Capítulo 46 – Forças Especiais

Songhu: Jamais Será Conquistada Espadachim Solitário 2928 palavras 2026-01-29 21:10:56

Os invasores, evidentemente, não poderiam se manter à parte dos acontecimentos.

Embora tivessem suspendido os ataques frontais, tanto o recém-nomeado comandante das Tropas Especiais de Fuzileiros, Masasuke Shimomura, quanto o chefe de estado-maior Ritsu Maeda, ou ainda o comandante da Divisão de Zhabei, Yoshitoyo Takeshita, todos analisavam cuidadosamente aquele pequeno destacamento do Exército Nacional na defesa do Armazém das Quatro Linhas, tentando identificar e explorar possíveis fragilidades para eliminá-los.

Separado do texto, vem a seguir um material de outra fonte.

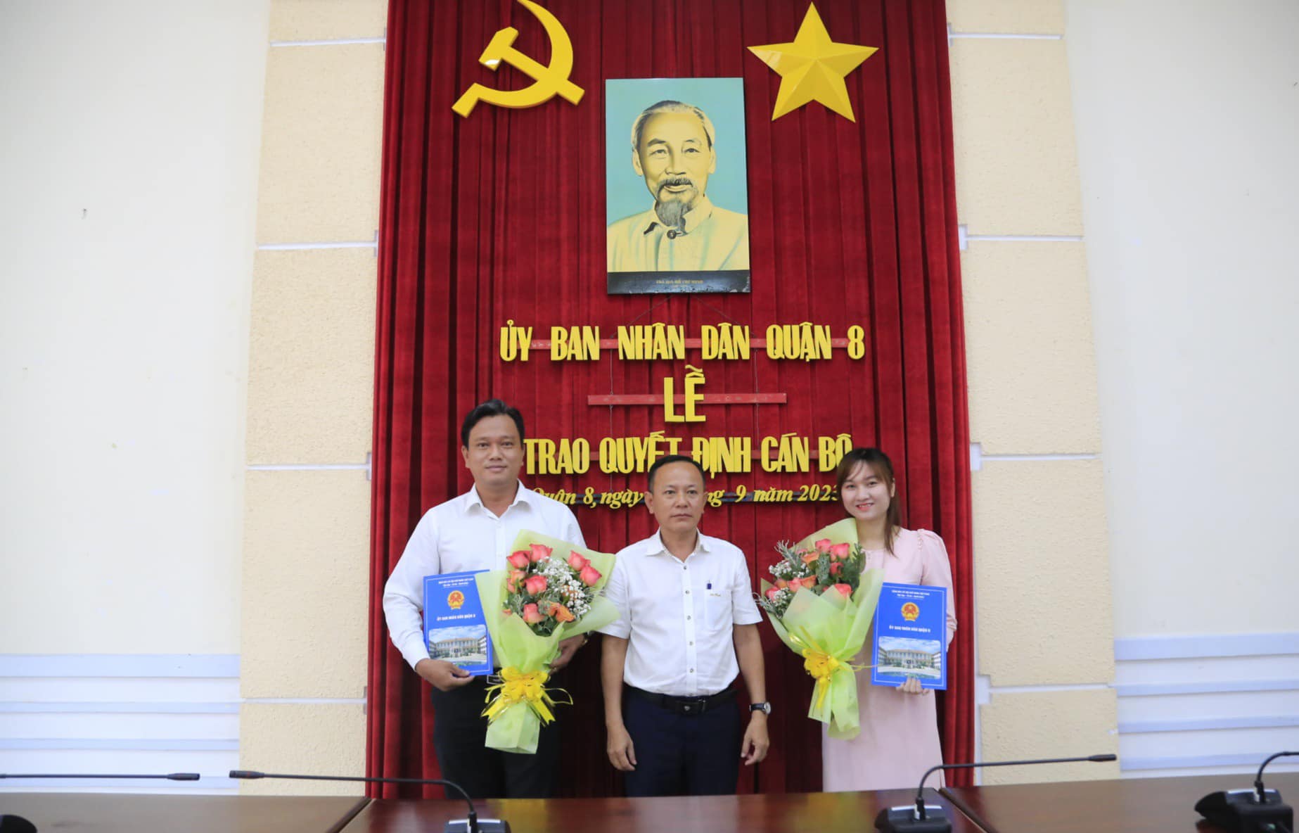 Sáng cùng ngày, Phó Chủ tịch Thường trực UBND Quận 8 Nguyễn Thanh Sang đã trao các quyết định tiếp nhận, bổ nhiệm đồng chí Nguyễn Thị Yến Linh, chuyên viên Ban tổ chức Quận ủy Quận 8 giữ chức vụ Phó Chánh Văn phòng UBND quận, kể từ ngày 12/9/2023; điều động, bổ nhiệm đồng chí Trương Thế Kiệt, Phó Chủ tịch UBND Phường 9 giữ chức vụ Phó Trưởng Phòng Quản lý đô thị quận, kể từ ngày 12/9/2023.

No entanto, as conclusões a que chegaram após seus estudos acabaram sendo assustadoras.

“Então, o desaparecimento ou assassinato de sentinelas não é um caso isolado.”

“Anteontem à noite, o pelotão de Asano também foi dizimado em questão de minutos.”

“Dessa forma, todos os canhões que explodiram devem ter sido sabotados pelos soldados chineses.”

“Aparentemente, Morita estava certo: as tropas do outro lado realmente possuem capacidade de enxergar à noite.”

Yoshitoyo Takeshita recordava as palavras de Taka Morita na última reunião tática, quando ele suspeitara que os soldados do Exército Nacional do outro lado possuíam visão noturna, como gatos, mas ninguém lhe dera crédito na época.

Masasuke Shimomura, porém, permaneceu cético: “Seria mesmo possível alguém enxergar à noite como um gato?”

Ritsu Maeda, por sua vez, concordou: “É realmente difícil de acreditar que humanos possam ter visão noturna como animais, mas o mundo é vasto e cheio de prodígios. No meio de centenas de milhões de chineses, pode surgir um ou outro indivíduo excepcional. No entanto, penso que esses soldados dotados de visão noturna são apenas uma minoria.”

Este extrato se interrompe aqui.